The Thai government’s efforts to raise a further ฿1 trillion in borrowing to fund its economic stimulus package is being closely watched by analysts. One significant and positive side effect may be that the days of the Thai baht being seen as a safe haven for foreign capital may be finally put behind the kingdom leading to a more competitive currency. However, for now, all eyes are on the government’s management of the Covid 19 virus and its ability to get the economy back to work which may be a tricky balancing act as it seeks to avoid another outbreak.
The Director-General of the Thai Public Debt Management Office, Patricia Mongkhonvanit, on Thursday indicated that the government is already in talks with international parties exploring financing methods to fund a huge ฿1.9 stimulus package that has raised concerns among some observers that it may burden the country with an unsustainable debt load.
The Director-General of the Public Debt Management Office in Thailand has confirmed that the government is looking at a range of options to raise at least ฿1 trillion which will be needed to fund the gigantic stimulus package agreed in principle by the Thai cabinet last Tuesday.
The scale of the package, comprised of support for the private bond market, loans to the small business sector and direct income payments, has raised questions about the sustainability of such government expenditure and the consequences of higher than normal government debt given the country’s already sky-high level of personal borrowing.
Some estimates that the borrowing package could take government debt close to the legal ceiling
There have been estimates suggesting that the borrowing package required to fund the plan set out this week will bring government borrowing to 57% of GDP, a fraction short of the 60% which is the limit placed on it by law.
Bank of Thailand sees a 5.3% contraction in 2020
The problem for Thailand is that following a bad year in 2019, 2020 according to realistic scenarios faced up to by the Bank of Thailand and the World Bank, will see the kingdom’s economy contract sharply.
The Bank of Thailand is, in fact, suggesting a contraction of 5.3% as the government grapples with the difficult balancing act of ensuring the country is safe from the virus which has now remerged as a serious threat again in Japan.
It presents the government with quite a challenge and it will have to look to how other countries are handling the conundrum raised by this simple but tricky coronavirus which has stunned the world with its devastating impact and turned the global economy on its head in just a few months.
High household debt levels and an ageing workforce are key factors in this equation in the long run
There are also concerns among some economists that the Thai economy with its ageing workforce, already unsustainable levels of household debt and facing perhaps a world depression, may not be able to rebound out of the debt spiral as in previous crises which the kingdom was able to successfully shrug off.
Director is sanguine about the challenge
Patricia Mongkhonvanit, however, is sanguine about the challenge.
‘We’ll explore all possibilities,’ she was quoted on Thursday by New York financial news agency Bloomberg. ‘We won’t borrow ฿1 trillion all at once.
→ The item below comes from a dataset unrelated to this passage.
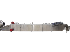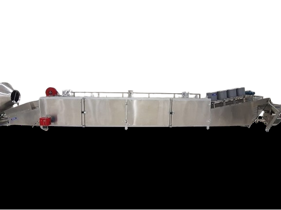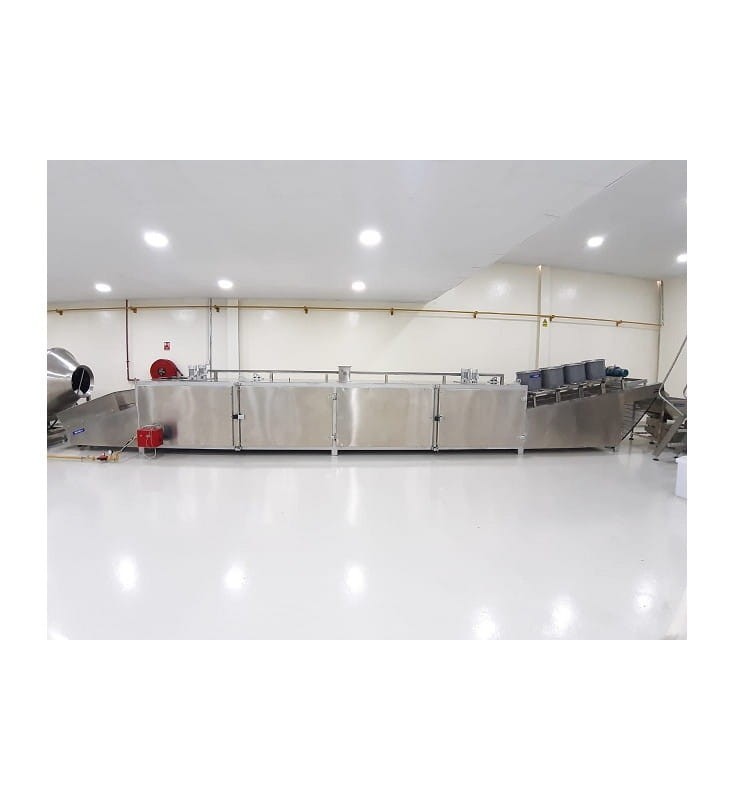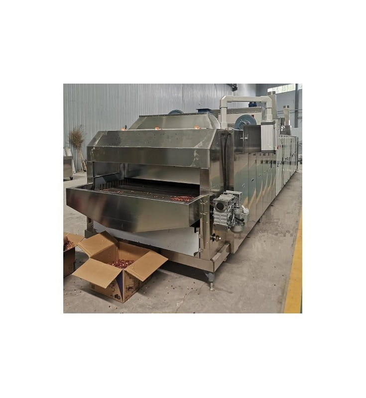 Maszyna do prażenia orzechów tunelowa. Gorące powietrze wnika w produkt od dolnej części przenośnika siatkowego w górę, a następnie uzupełnia energię cieplną poprzez element grzejny. Regulowana prędkość przenośnika taśmowego i odpowiednio ustawiona temperatura zapewniają równomierne prażenie orzechów.

We’ll proceed gradually, as the funding need arises.’
The problem for Thailand, of course, is that it will be joined in the market by countries from all over the globe attempting to effectively relaunch their economies.
Public debt team looking at a broad range of instruments and is optimistic about finding a package
Ms Patricia indicated that the Thai government will make use of a broad range of instruments to fund the package including government bonds and treasury bills as well as promissory notes, term loans and savings bonds.
She also indicated that the government may approach such institutions as the Asian Development Bank although Deputy Prime Minister Somnkid Jatusripitak earlier in the week ruled out a loan or financing from the International Monetary Fund.
Ms Patricia, sounded an optimistic note on Thursday. ‘Our objective is mainly to tap the local market first. There is ample domestic liquidity and demand for our products.’
Thai governments being closely watched by foreign analysts as this borrowing will be a new departure
The government’s moves are being closely watched by foreign analysts. The Australian and New Zealand Bank Group notes that the level of borrowing suggested by the government is twice the deficit run by the administration in the last few years.
One positive development as a consequence of this may well be a depreciation in the value of the Thai baht or at least an absence of the problems experienced during 2019 when the Thai currency became a safe haven or shelter for foreign capital.
It is hard to credit that as this year opened, this was a priority or key goal for the Bank of Thailand.
Talks with international parties already taking place says top official as foreign exchange risks weighed
Ms Patricia revealed that talks are already taking place with international partners as the government looks for a competitive package and contemplates the cost of such financing as well as foreign exchange risks which is a key consideration for any Thai government.
Goal is to treat this package is a once-off and separate it from normal government borrowing requirements
The Director-General indicated that the funding for the stimulus will be where possible, treated as separate to the government’s normal annual deficit.
She also observed that the market had stabilised since the Bank of Thailand intervened some weeks ago to support the fixed income mutual fund and corporate bond sectors which are a key target of the stimulus measures being proposed.